A estrutura com bandeira portuguesa começou o ano da pior forma. Com a invasão russa à Ucrânia e as resultantes sanções da FIA a pilotos russos, a G-Drive deixou a competição, deixando a Algarve Pro Racing no limbo. Mas, mais uma vez, a equipa sediada no sul de Portugal encontrou forma de continuar a competir e apresentou-se em Le Mans com dois carros que terminaram a edição 90 das 24 Horas de Le Mans com sortes distintas.

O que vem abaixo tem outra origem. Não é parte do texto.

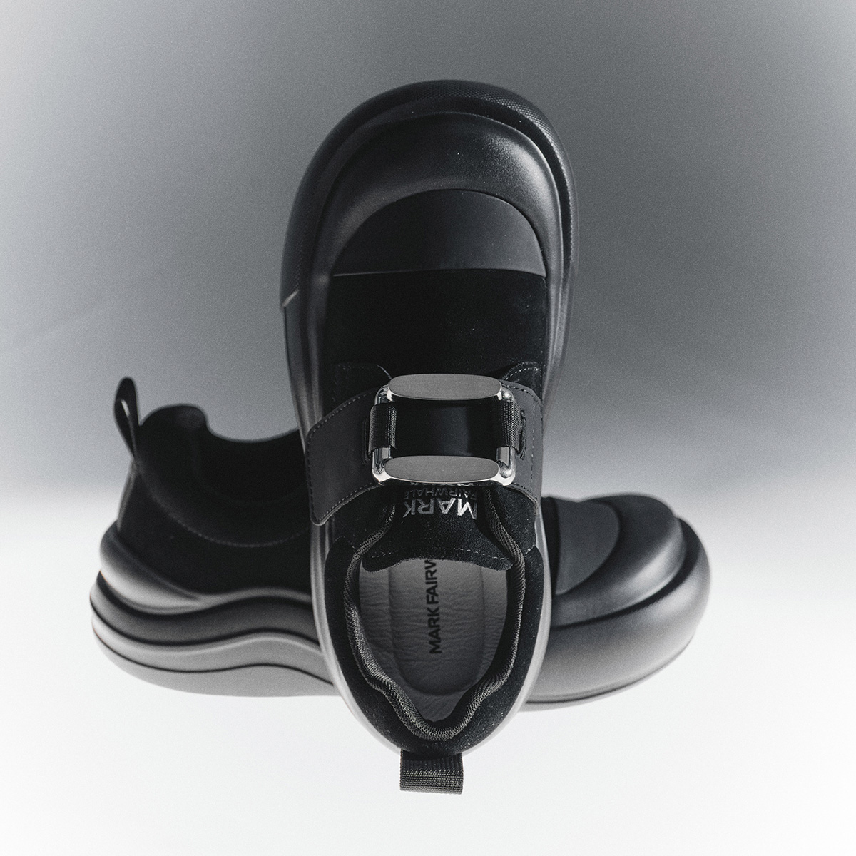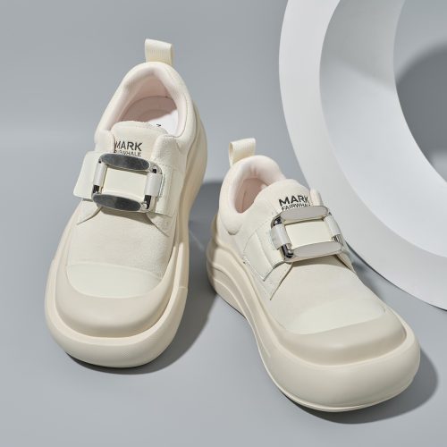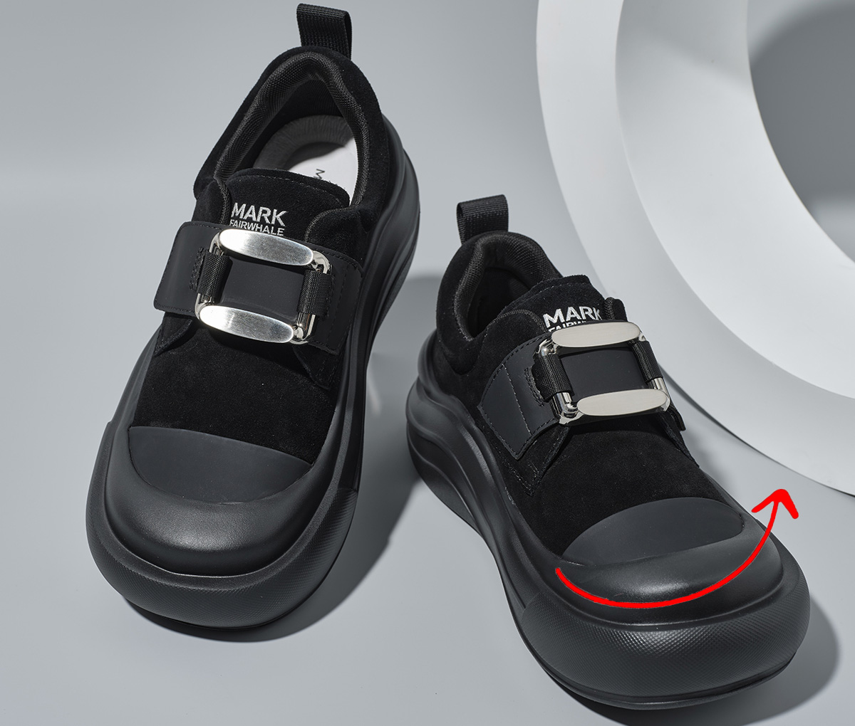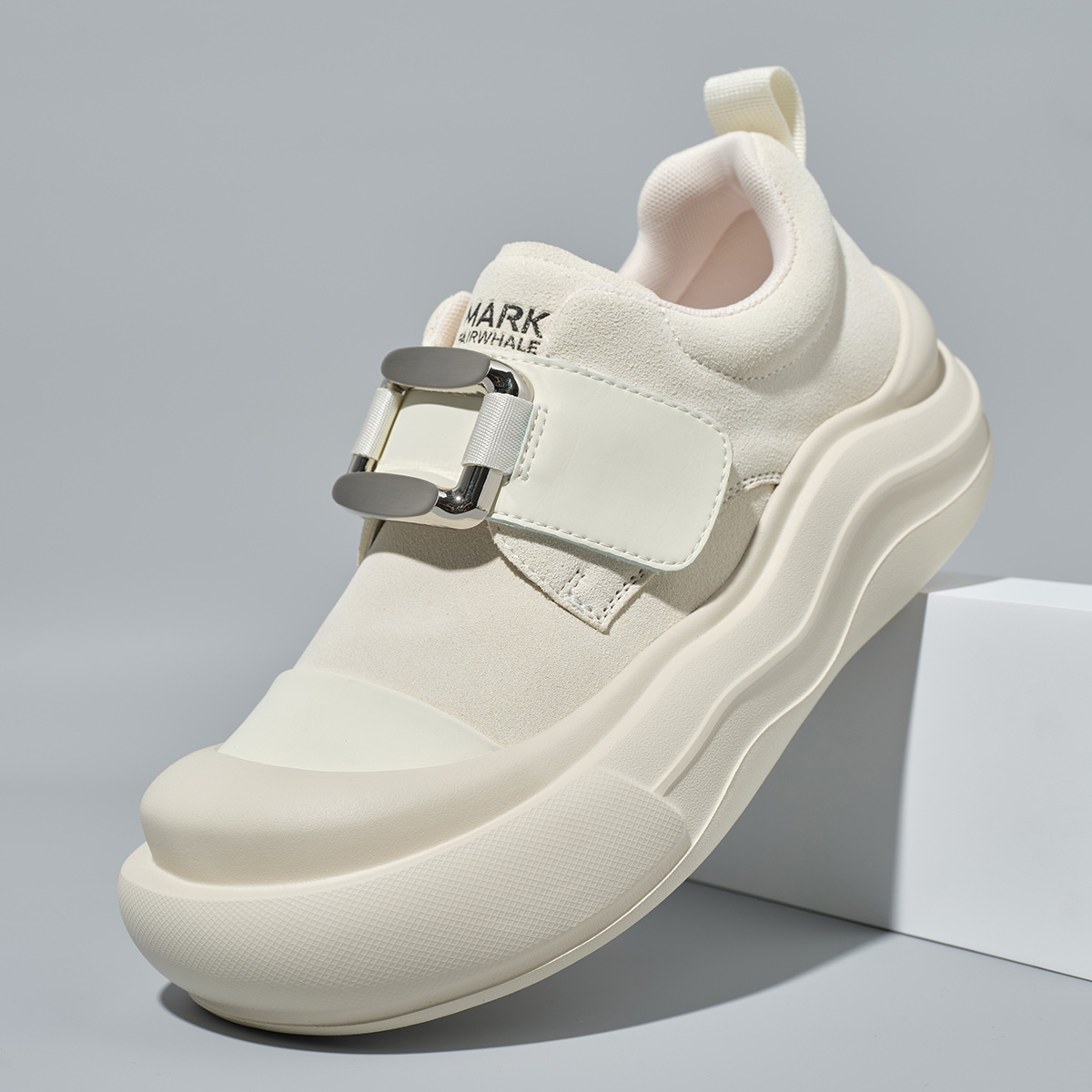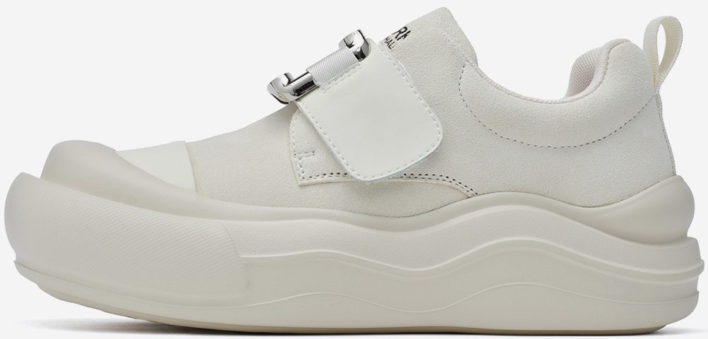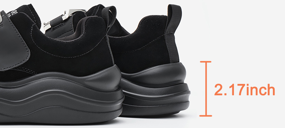 Mens Chunky Suede Round Toe Sneakers with Metal Buckle and Velcro

A tripulação do Oreca #45 (Steven Thomas/James Allen/Rene Binder) conquistou a vitória entre a categoria LMP2 Pro-Am (15º lugar da classificação geral), batendo o Oreca #24 da Nielsen Racing (Matt Bell/Ben Hanley/Rodrigo Sales) e o Oreca #3 da DKR Engineering (Alexandre Cougnaud/Jean Glorieux/Laurents Hörr). O #45 partiu do fundo do pelotão, tendo falhado a qualificação, enquanto a Algarve Pro Racing reconstruiu o Oreca depois de um forte embate durante o segundo treino livre. A vitória ganha uma importância ainda maior.
Foi a quinta participação de James Allen em Le Mans e já contava com um pódio em LMP2 (2021) enquanto Binder visitou pela quarta vez La Sarthe. Steven Thomas tem-se evidenciado no IMSA, mas realizou a sua primeira corrida no WEC em Le Mans (competiu no Le Mans Cup em LMP3).
No carro 47 (Sophia Flörsch/John Falb/Jack Aitken) as coisas não correram como ao #45. Com a piloto alemã a iniciar a corrida, logo após a ordem de partida o carro teve de completar a primeira volta muito lentamente, parando na garagem da equipa no final da volta 1. Os mecânicos necessitaram de substituir um componente da caixa de velocidades do carro que voltou à pista com muito atraso para o líder da classe. Não foram além do 26º posto entre os LMP2.